2 short-term on-premise servers with a capacity of 260 TB, and 1 long-term storage system provided by EPFL in Amazon S3 buckets
On-premise processing servers. After publication, the archive is moved to a 10 years long-term storage with access via standard S3 (AWS) protocol. The rest of the data is stored as long as the project lasts, from 5 to 15 years.
Large image data causes challenges beyond image acquisition. Storage space, associated costs, speed of transfer and processing, and the data quality.
The laboratory of Andrew Oates currently generates about 913 GB of raw data per 1 movie, and about 6 movies per week. If the acquisition rate remains the same for a year, then the data volume would account for 270 TB a year.

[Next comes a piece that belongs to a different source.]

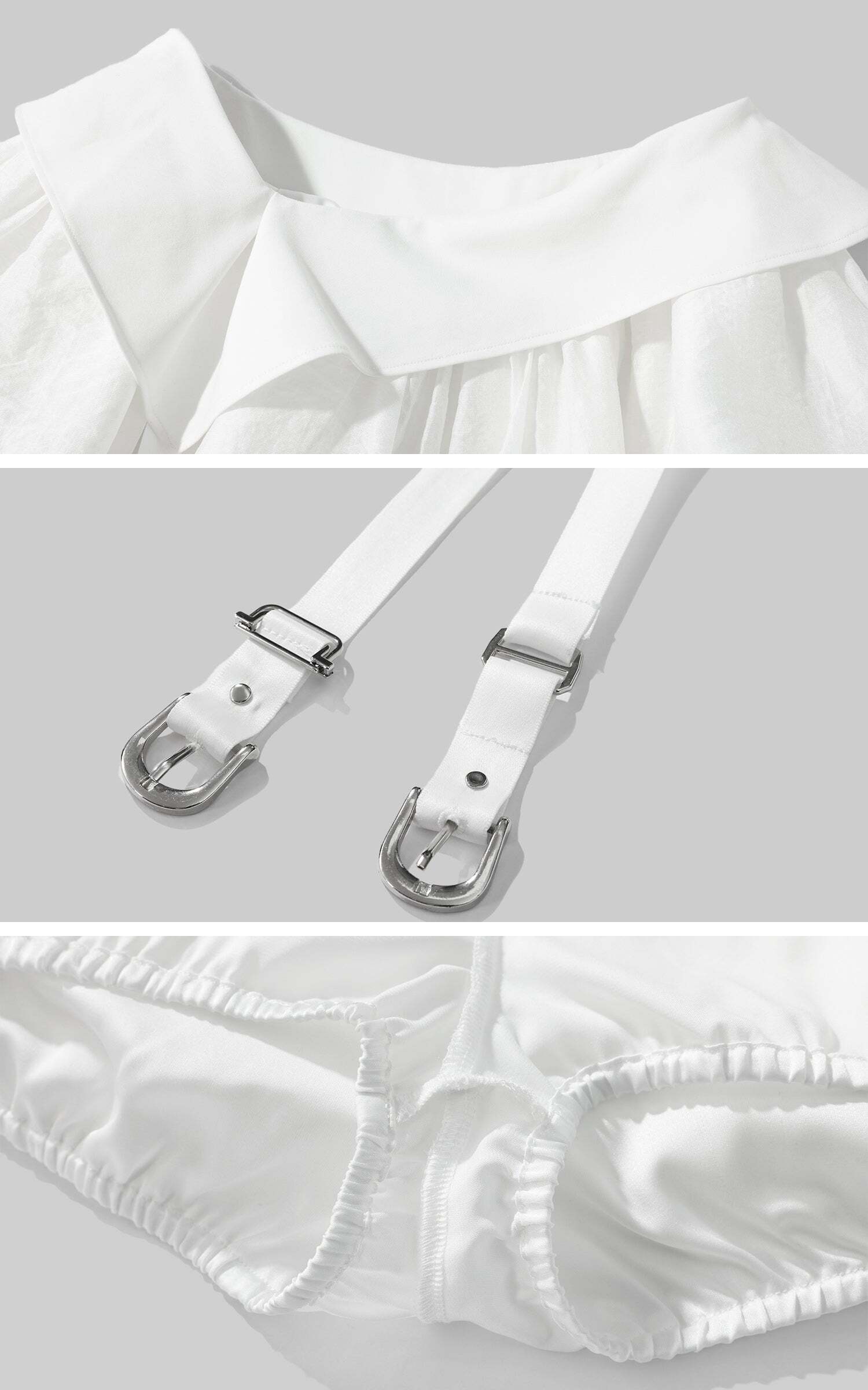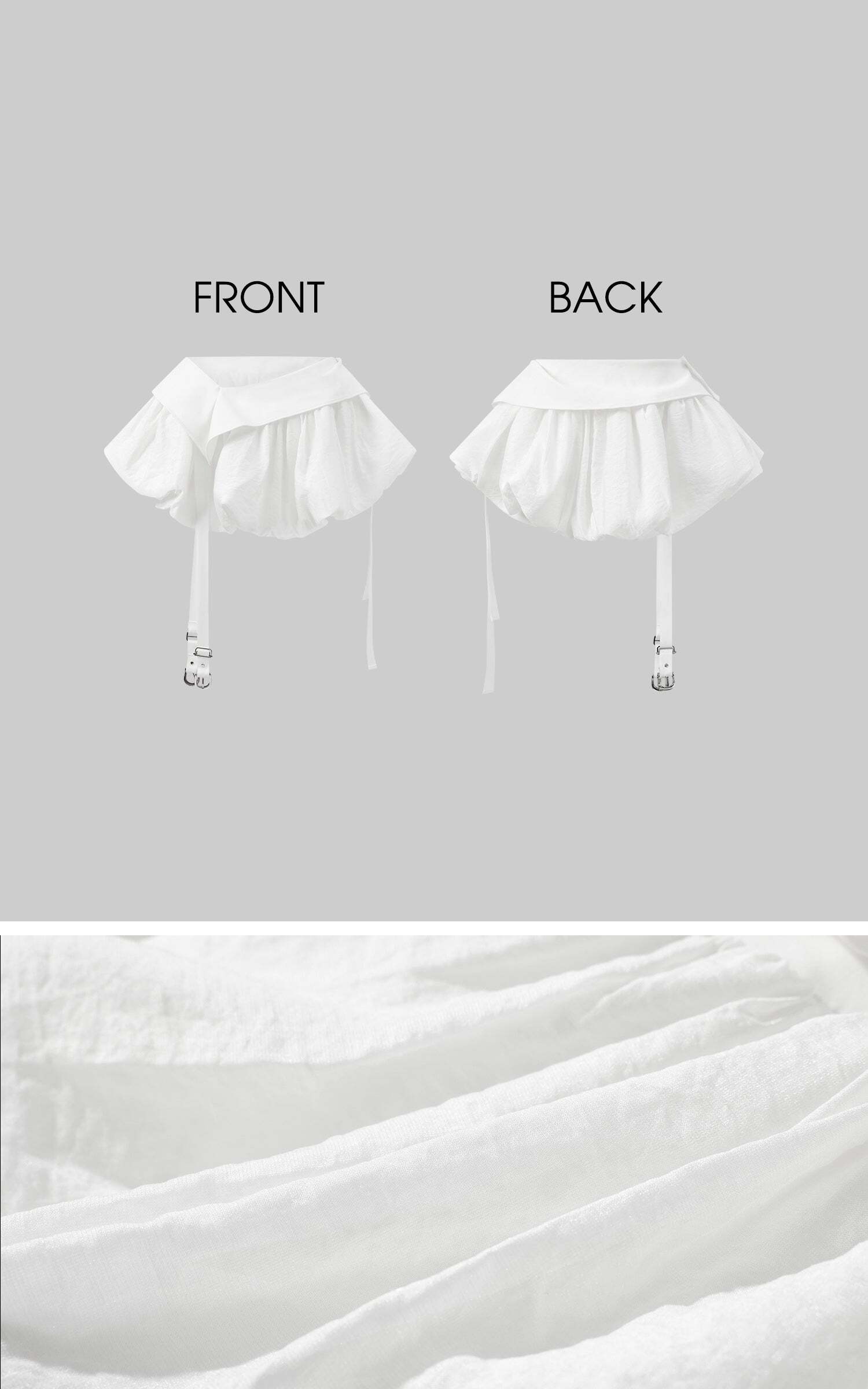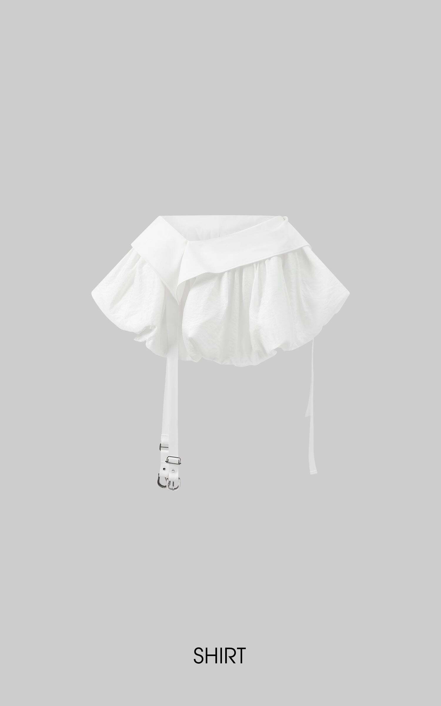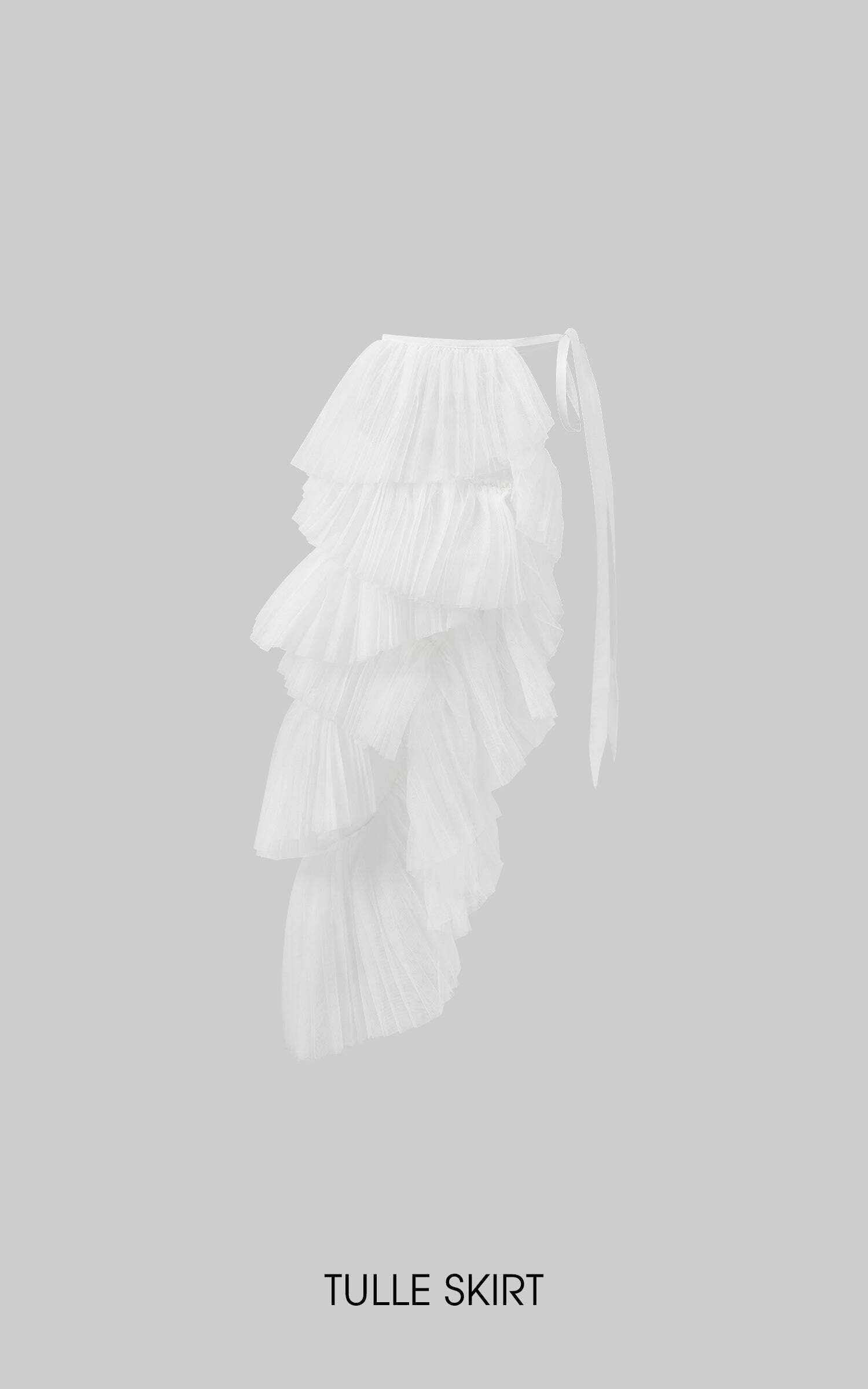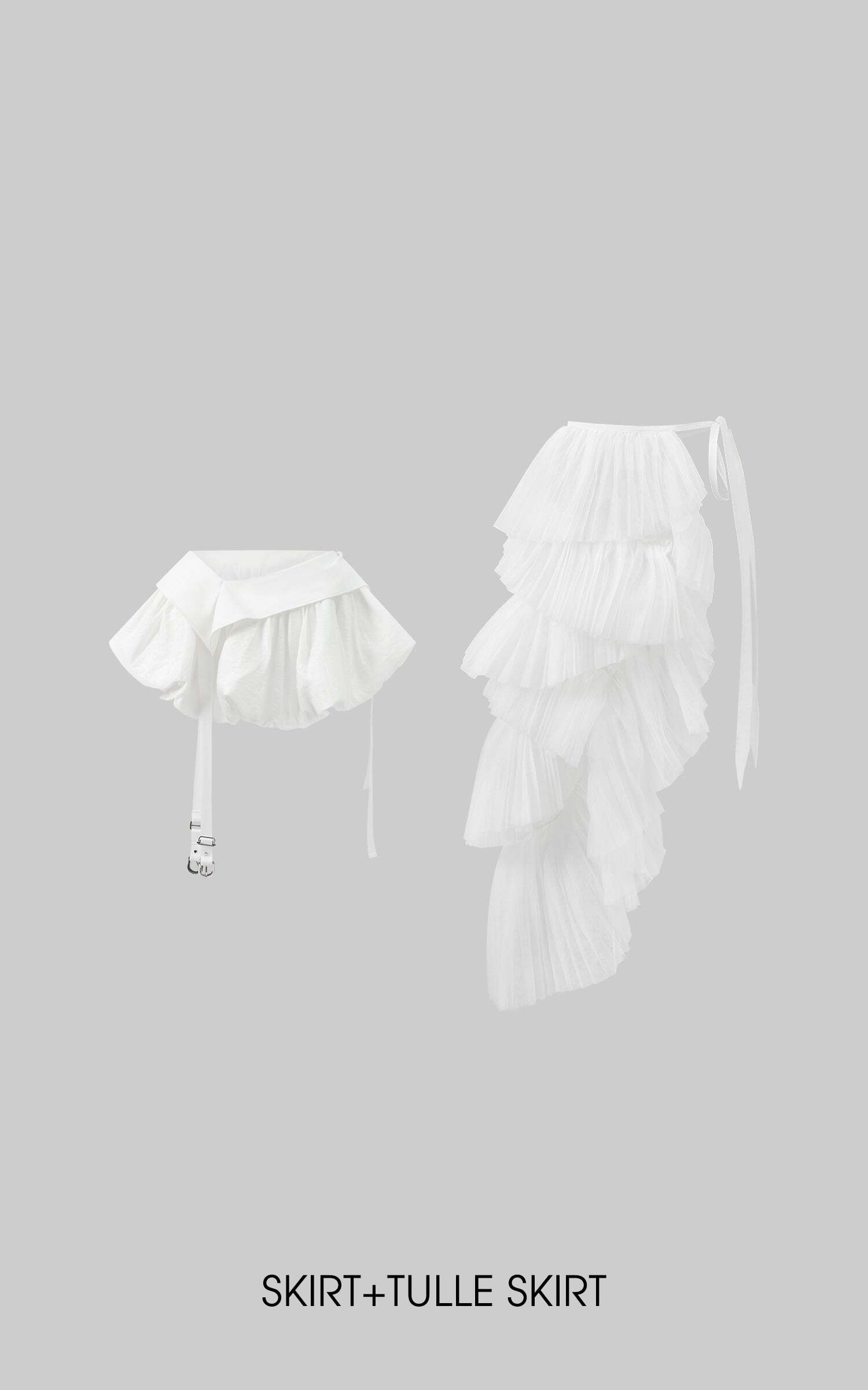 This layered skirt set features a bubble hem mini skirt topped with a sharply tailored collar and adjustable belt straps, paired with a cascading tulle train that moves with defiance. Designed to be worn together or apart, the set redefines silhouette and proportion. Raw textures, asymmetry, and movement—this is controlled disarray made wearable.

Such volume poses serious challenges.
First, the data is transferred through a costly high quality network to a short-term storage system. Transfer and processing of such data takes a substantial time, delaying the research.
Second, the data storage costs are growing exponentially. For example, a centralised workstation for image processing, GPU-computing and big data storage (130 TBs) costs $120,000. With electricity, cooling system, and IT staff maintenance the costs grow substantially.
Third, large data takes up storage space quickly. The simple solutions are either buying a new system or deleting the data to free up space, which opposes industry recommendation for re-using the data. The less data is re-used, the more animals are used. So the most reasonable solution is data compression. However, typical lossless algorithms offer low ratios, while lossy compression doesn’t preserve full information, thus affecting the quality of the data.